The outlook for U.S. hotels at the end of 2020 is slightly better than previously thought, but the industry isn’t likely to return to pre-pandemic levels for years, according to data recently released at the NYU International Hospitality Industry Investment Conference.
Data analysts STR and Tourism Economics suggest U.S. hotel occupancy will close the year with an average of 42.2%, or 2.5% higher than the agencies’ last prediction, made in August. The upgrade came courtesy of stronger-than-expected performances by hotels in the fall.
However, the forecast for 2021 remains unchanged. STR predicts hotels will capture 80% of pre-pandemic demand by the end of next year, and full recovery is not expected until 2024.
“Even with the encouraging vaccine news of this week, this pandemic and the subsequent economic impact will continue to limit hotel demand generators into the second half of next year,” said STR president Amanda Hite.
Orlando hotel performance remains below the national average. Occupancy in Orlando area hotels was 31.9% for the week ending Nov. 7, according to STR.

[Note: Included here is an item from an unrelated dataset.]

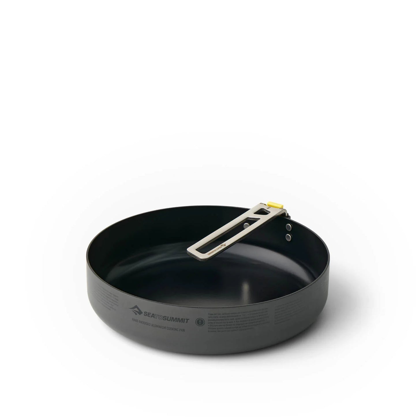 The Frontier Ultralight 20cm Pan uses high quality hard-anodised aluminium alloy for efficient heat transfer and a ceramic non-stick coating. A Click-Safe handle provides a solid grip for everything from flipping pancakes to firmly holding while cleaning up. Perfect for frying or sautéing in the outdoors, this pan will raise the bar of your camp kitchen.

Loss of demand has hit tourism-heavy Orlando especially hard. Thousands of people have been laid off or indefinitely furloughed from hotels. As of Oct. 14, the Orange County Convention Center had canceled or rescheduled more than 90 conferences and events, estimating the economic impact to the region to be $1.8 billion.
In STR’s recovery timeline, essential meeting travel and regional events could begin to return next year, with international events starting to come back in the third quarter. But the rebound is based on “[a]ssuming substantial progress is made against the virus in the first half of 2021,” according to Tourism Economics president Adam Sacks.